Bow and I are in Lothlorien. She is curled up on the desk right beneath the anglepoise lamp - in other words, she is slowly cooking herself. Bow is my cat (not the one featured elsewhere on this blog). I don’t know how she knows when I’m in Lothlorien, but she always does. Lothlorien is the name of my office, which is a glorified shed in the garden - I will post some pictures one of these days.
I think Bow must listen for me to leave the house and then she trots out and scratches the door of Lothlorien so I let her in. So I’m thinking that maybe she does that every time I go out. What if she spends entire days scratching at the door while I am at work? That would be too sad! Maybe I need to fit a cat flap for Lothlorien. That would solve the problem.
I will write when I have one of these…
Last year I attempted the Open University A215 Creative Writing course. My motivation for doing it was to try to kickstart my writing, and to develop a writing habit. Did it work? Well, I’m still un-decided. To be fair, I don’t think that I gave the course the commitment that it needed. At the time it began, I’d just started a new job and, let’s face it, I was in a state of apathy with my writing. In the end, I just didn’t give it the time that it deserved - I turned in the assignments (usually right up to the wire) but I really didn’t do any of the background reading or exercises inbetween. So, I didn’t help myself.
Obviously, your own commitment to a course like that is key, but I also think that a lot depends on your tutor and their ability to inspire people in the group. When you start, you’re divided into tutor groups and allocated a chatroom - the theory being that you develop a little community and provide encouragement and support, led by the tutor. In my case, that didn’t happen. I was disheartened by the lack of engagement from the tutor and it rather set the tone for my approach to the course. However, I heard that other people in other tutor groups had good experiences, so I guess it’s the luck of the draw. And I did get some things from the course. I got:
- a respectable tranche of short stories that I can edit and submit to magazines or competitions.
- a little more belief in my writing ability.
- a few ideas for writing practice.
Now, I’ve never been a big fan of writing practice, but the A215 course spends a lot of time encouraging practices like freewriting and clustering, and I did find them to be useful techniques. Setting yourself a time limit for freewriting can be liberating - it’s OK to write rubbish and you haven’t got to write for hours and at the end of the exercise, you’ve often got the germ of an idea for a story or a poem, or whatever you want to write.

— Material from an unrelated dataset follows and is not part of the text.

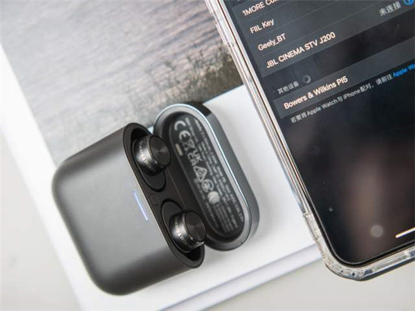 宝华韦健PI5的充电仓设计是比较低调内敛的。它使用了磨砂与亮面拼接撞色的设计,看上去沉稳大气,同时盒盖顶部的“Bowers&Wilkins”字样彰显着它的身份。
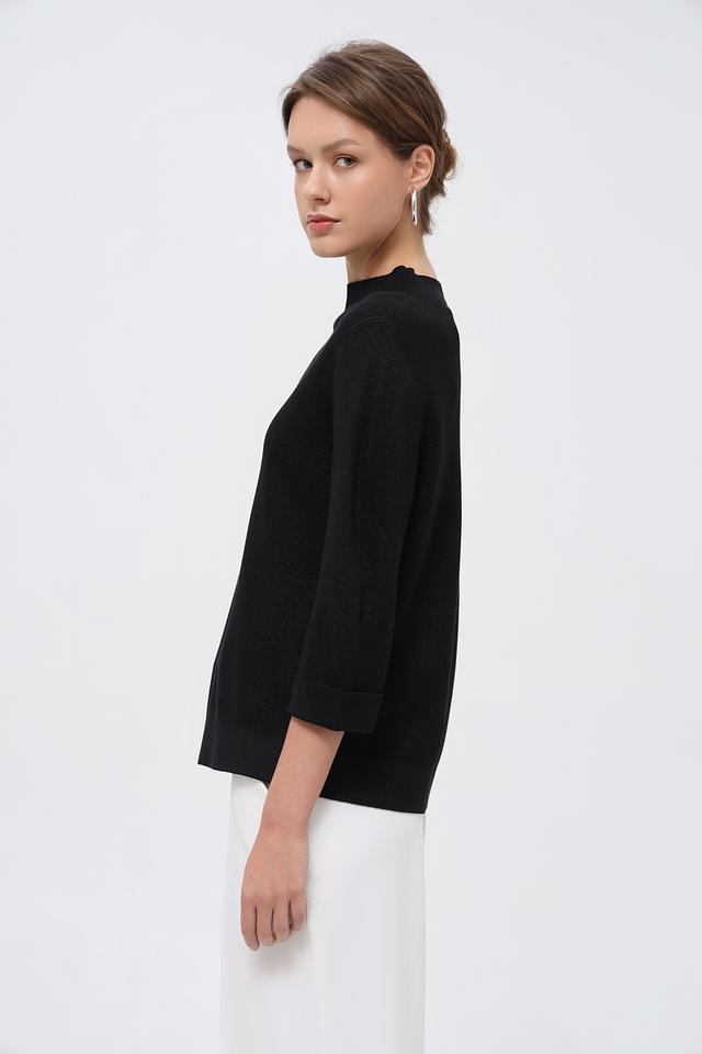 Чёрный пуловер Bianca с рукавом 3/4 – элегантная модель из вискозы, сочетающая комфорт и стиль. Полукруглый вырез горловины и лаконичный крой делают этот пуловер универсальным элементом гардероба. Состав: вискоза 80%, метализ.нить 20%

I wish I was Carrie Bradshaw
And yes, the more perceptive reader will now realise that I have spent an entire afternoon immersed in Manhattan culture, otherwise known as DVD box sets.
As of today, I have a new dining table and chairs. The entire room smells of wood and my MacBook looks rather splendid against the grain. I think my new table will be a good place to write. Carrie Bradshaw writes late at night at a desk in her window, overlooking the city. But I bet her desk doesn’t smell like mine. How could it? It’s not real.
How come the couch is always free in Central Perk?
When did you ever walk into Starbucks (other coffee chains are available) and find that it was free? The place is crowded, people are sat at tables but for some reason, nobody has bothered with the super-comfy couch. Hmmmm. Let me think. That would be NEVER. Obtaining the couch in a coffee shop always calls for stealth manoevures. You go in, and you check who’s on it, then you check how full their cups are…anything less than half and there’s a chance it will be free before you finally get served so you keep watching, slipping your coat off so you can bagsy the couch if the lazy gits ever move. Which of course they don’t so then you reach the counter and your purse is on your bag but you can’t look properly because you’re holding your coat and the girl serving tuts and rolls her eyes, meanwhile the bastards on the sofa look like they’re falling into a coma.
You never get the couch in coffee shops. It’s the law.
Unless your name happens to be Monica, Rachel, Chandler, Joey or Ross.